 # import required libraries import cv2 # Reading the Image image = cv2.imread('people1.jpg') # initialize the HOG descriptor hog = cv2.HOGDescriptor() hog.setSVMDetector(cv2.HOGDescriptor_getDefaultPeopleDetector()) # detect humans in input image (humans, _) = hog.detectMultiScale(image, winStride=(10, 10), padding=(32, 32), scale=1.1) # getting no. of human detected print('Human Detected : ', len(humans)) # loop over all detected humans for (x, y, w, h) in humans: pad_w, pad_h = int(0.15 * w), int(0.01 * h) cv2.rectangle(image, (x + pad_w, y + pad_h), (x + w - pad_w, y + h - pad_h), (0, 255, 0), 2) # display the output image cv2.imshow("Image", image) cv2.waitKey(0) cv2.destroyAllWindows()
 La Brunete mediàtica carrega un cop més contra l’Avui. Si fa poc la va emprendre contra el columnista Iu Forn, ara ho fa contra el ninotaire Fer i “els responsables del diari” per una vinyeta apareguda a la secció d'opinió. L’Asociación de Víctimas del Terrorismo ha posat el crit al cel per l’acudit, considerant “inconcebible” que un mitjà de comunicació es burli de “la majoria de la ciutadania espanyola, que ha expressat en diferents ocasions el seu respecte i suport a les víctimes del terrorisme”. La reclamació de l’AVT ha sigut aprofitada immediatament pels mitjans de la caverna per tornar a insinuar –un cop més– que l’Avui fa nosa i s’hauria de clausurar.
==
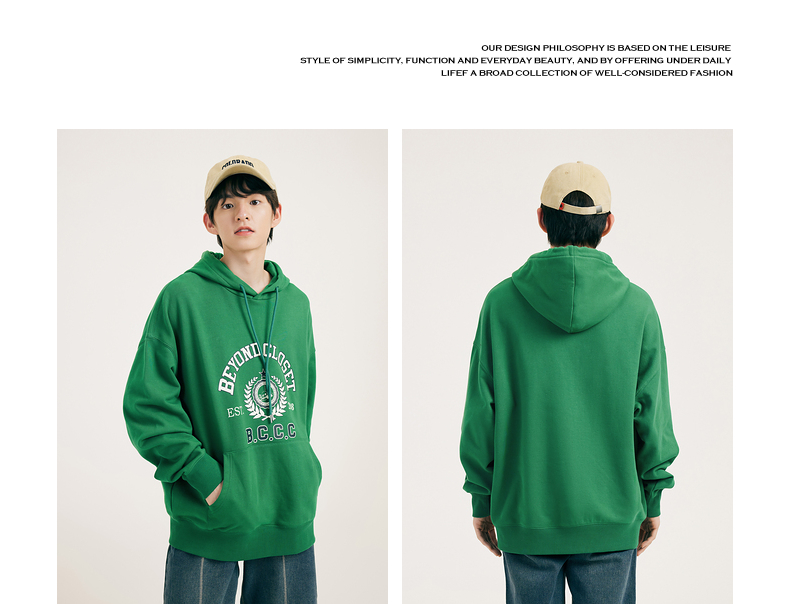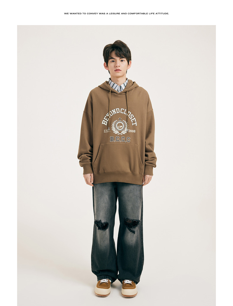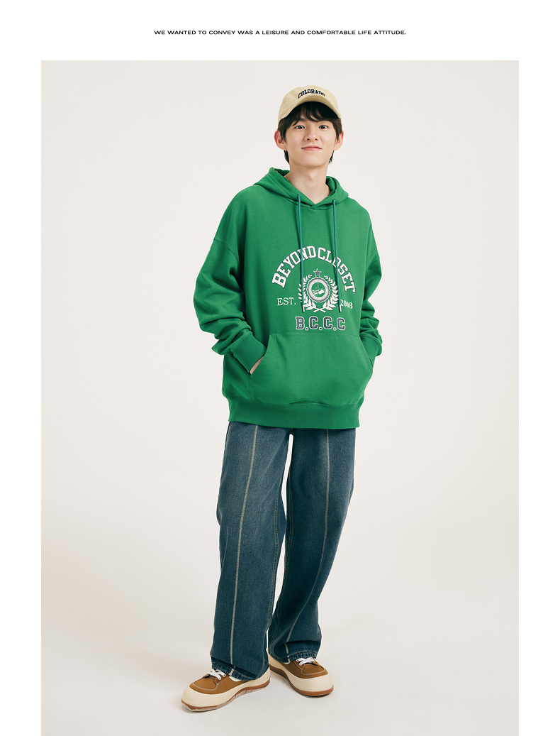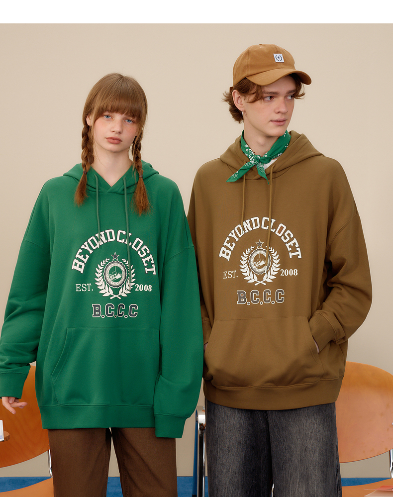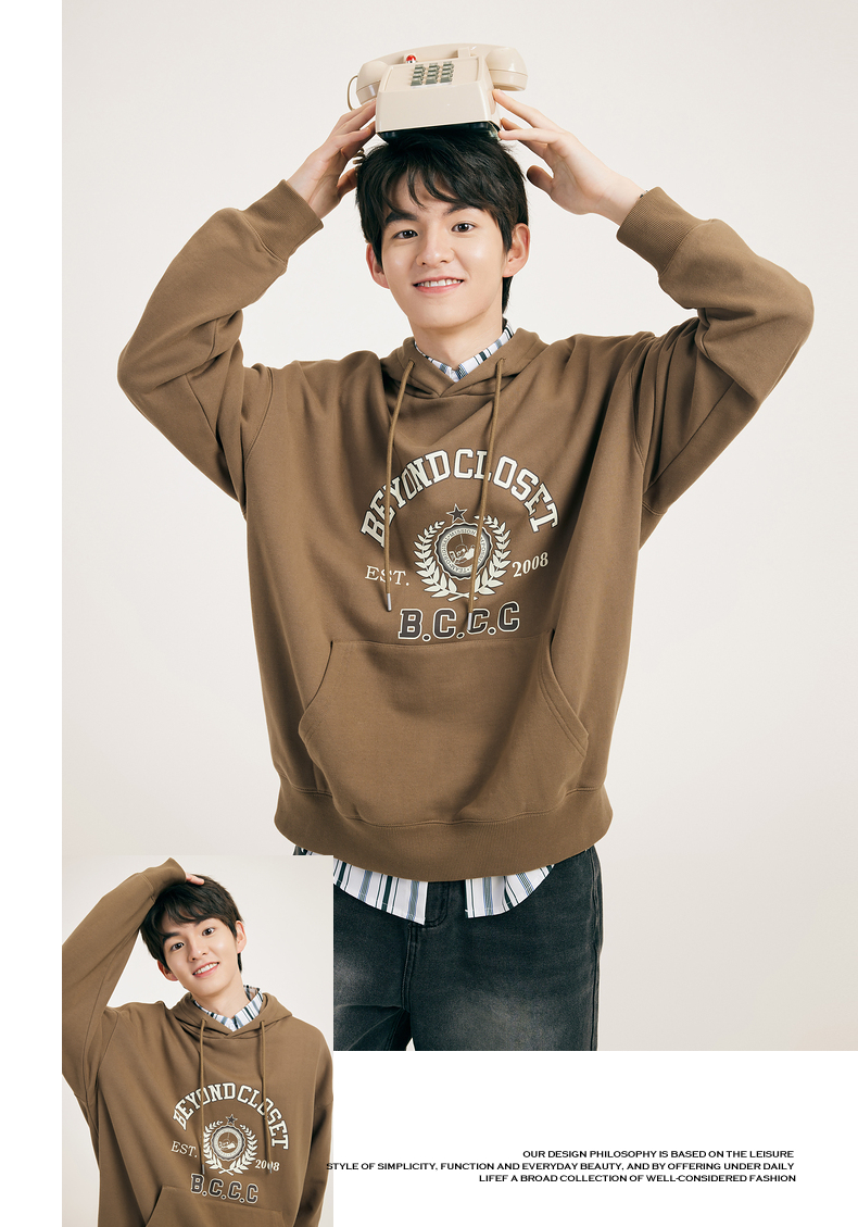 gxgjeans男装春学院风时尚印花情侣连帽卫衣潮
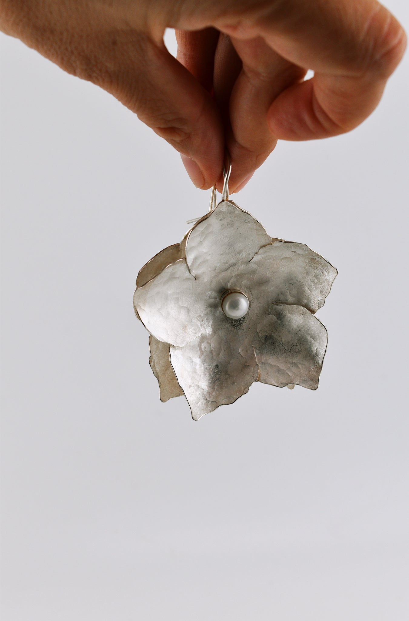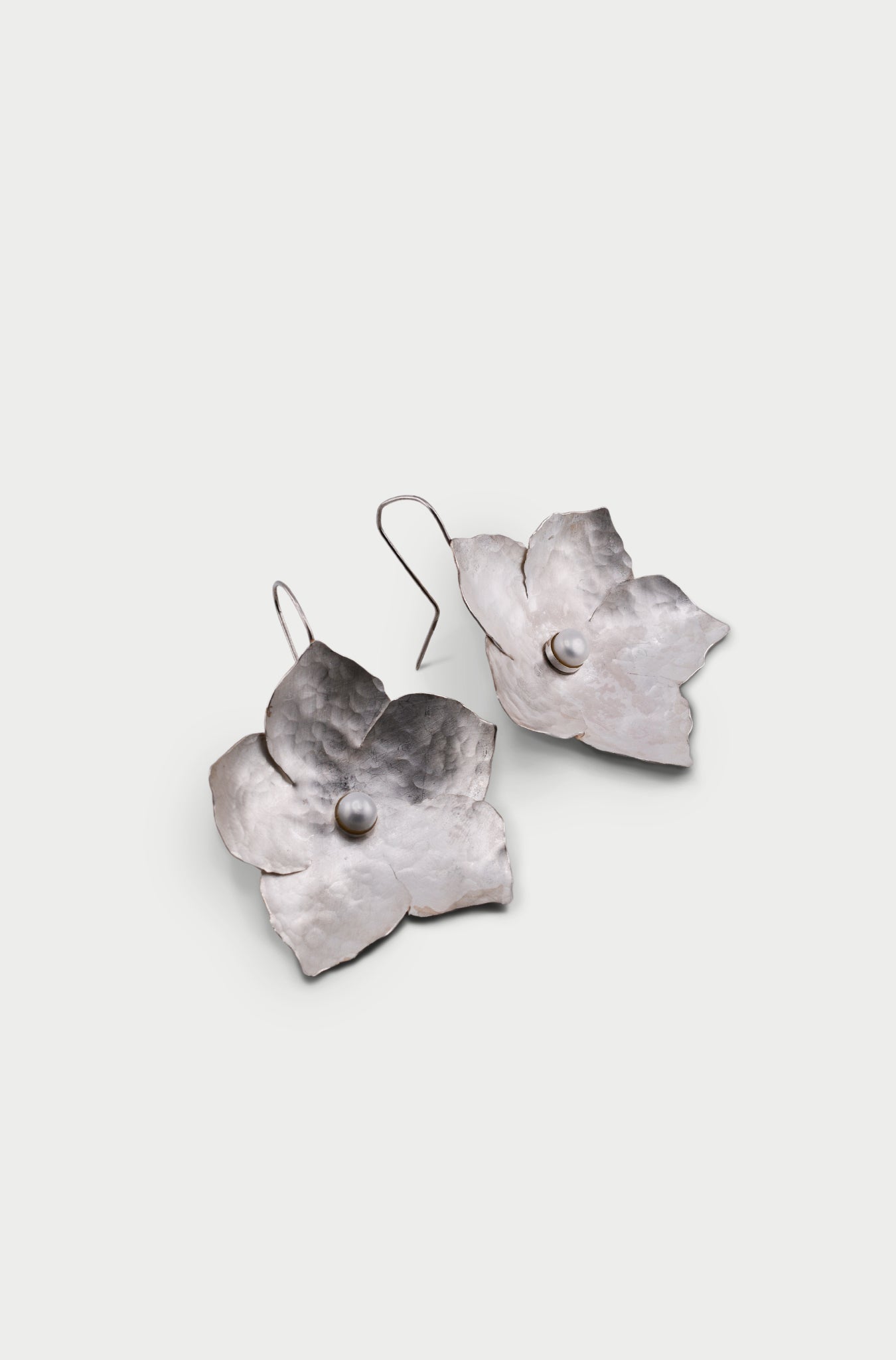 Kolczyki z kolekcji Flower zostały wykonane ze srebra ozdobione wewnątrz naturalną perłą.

● **ASSIGNMENT**: Taking the entries above, copy word for word the lines from the one with "gxgjeans男装春学院风时尚印花情侣连帽卫衣潮" up to and including the one with "Kolczyki z kolekcji", without any picture.

● **SOLUTION TO THIS TASK**:
 gxgjeans男装春学院风时尚印花情侣连帽卫衣潮
 Kolczyki z kolekcji Flower zostały wykonane ze srebra ozdobione wewnątrz naturalną perłą.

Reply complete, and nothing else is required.